La gentilezza dell'arte prende a pugni i prepotenti: al Teatro Stabile è "Fair Play"

La stagione 2019/20 si aprirà il 7 ottobre con "Rumori fuori scena" di Michael Frayn al Teatro Carignano. 74 i titoli in cartellone, con una prevalenza di autori contemporanei e viventi

La gentilezza dell'arte prende a pugni i prepotenti: al Teatro Stabile è "Fair Play"

Oltre 500 alzate di sipario che aprono la scena sul tempo presente e la società di oggi. Il Teatro Stabile di Torino annuncia la nuova stagione 2019/20 con un ricchissimo programma di ben 74 titoli, che riflettono sul mondo attuale grazie al protagonismo delle produzioni e le voci di grandi drammaturghi contemporanei capisaldi del Novecento. Una scelta che rispecchia "la vocazione di un teatro come ambiente capace di accogliere una comunità fatta di tanti pubblici con aspettative diverse", ha spiegato il direttore Filippo Fonsatti. Mantenere, quindi, un’identità artistica unitaria pur ricoprendo funzioni plurali, al servizio della comunità, vicino alla gente.

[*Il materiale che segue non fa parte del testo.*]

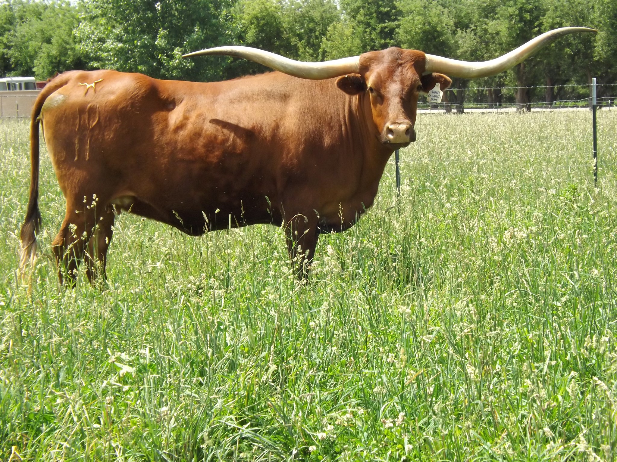 Gorgeous young cow with tons of twisty, flat horns. A real winner, the ideal longhorn horn set on this girl.
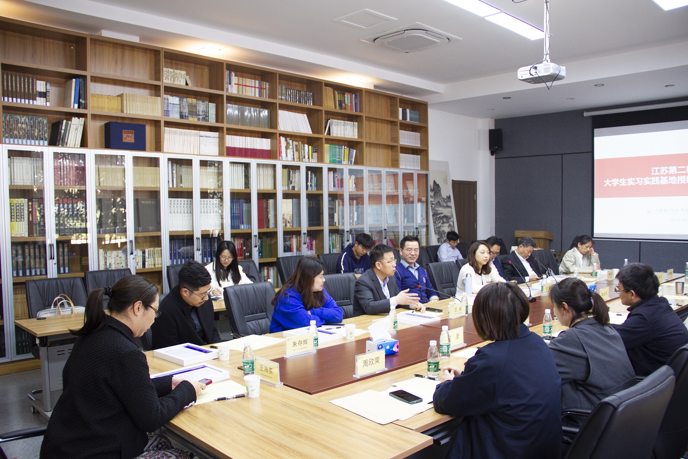 本次实习、实践基地既有以师范类专业实习的南京市著名中小学,也有能为美术学院各专业提供优质平台的省内企业、院所。参加本次仪式的领导和嘉宾有:无锡美术馆副馆长蒋凌、无锡弘展文化旅游投资有限公司董事长傅红庚、南京外国语学校艺术教研组组长曹启海、南京师范大学附属中学树人学校美术教研组组长吴长燕、南京民办育英外国语学校艺术组组长王海英、南京中智文化创意研究院院长王波、南京市园林规划设计院文产旅综合规划所所长汪娟、南京铭邺承天装饰设计有限公司副总经理夏韵、南京一作文化传媒有限公司艺术总监朱存辉、安徽东流古镇写生基地总经理杨玉贵、南京云锦研究所有限公司李晓伟。美术学院副院长陶金鸿,美术学院各教研室主任和教师代表。

E, forte della crescita dei numeri - come ha illustrato il presidente Lamberto Vallarino Gancia, con +22% di recite nel 2018 prodotte e coprodotte rispetto al 2017 e + 4% di spettatori -, lo Stabile quest'anno sceglie di schierarsi tra i veri lottatori. E lo fa eleggendo a immagine guida una bambina, un po' malinconica e corrucciata, che indossa dei guantoni da pugile e si prepara a farsi valere contro un nemico non meglio identificato. "Fair Play" il tema della stagione: inteso in primis come urgenza di correttezza etica - "in una società globale che si caratterizza sempre più per una dialettica manichea", ha commentato Fonsatti -, appoggiando le fondamenta del pensiero sul vecchio sistema della polis greca, dove la comunità si ritrovava costruendo democrazia.

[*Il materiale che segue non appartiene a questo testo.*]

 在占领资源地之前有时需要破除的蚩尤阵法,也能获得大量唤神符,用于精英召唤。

Ma non solo: l'immagine di un'infanzia combattente condensa la forza mediatica dell'attivista svedese Greta Thunberg e l'universo letterario dipinto con dolcezza da Elsa Morante in "Il mondo salvato dai ragazzini". “La boxe del manifesto – ha sottolineato il direttore artistico Valerio Binascomi dice che noi siamo i lottatori, i paladini di un’arte profondamente umana, che ispira dolcezza e alla dolcezza si ispira, ma se qualcuno prova a fermarci gli rompiamo il naso”.

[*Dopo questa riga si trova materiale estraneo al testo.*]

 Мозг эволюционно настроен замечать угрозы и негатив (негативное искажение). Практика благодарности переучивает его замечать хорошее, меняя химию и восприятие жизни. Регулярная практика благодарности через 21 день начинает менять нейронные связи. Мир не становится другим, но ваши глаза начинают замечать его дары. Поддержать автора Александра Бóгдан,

Sotto questa spinta grintosa – che vanta l’ossimoro di una delicata aggressività –, il cartellone prenderà ufficialmente il via il 7 ottobre con una delle commedie più geniali ed esilaranti del XX secolo: Rumori fuori scena di Michael Frayn, al Teatro Carignano fino al 27. Un vero e proprio cult che segnerà, tra l’altro, il ritorno sul palco dello stesso Binasco, regista e interprete, abile tessitore di trame comiche nel solco di Shakespeare, Molière, Goldoni. E sarà un altro monumento novecentesco a mettere il punto finale alla stagione: Uno sguardo dal ponte, di Arthur Miller, sempre diretto e interpretato dal direttore artistico dello Stabile.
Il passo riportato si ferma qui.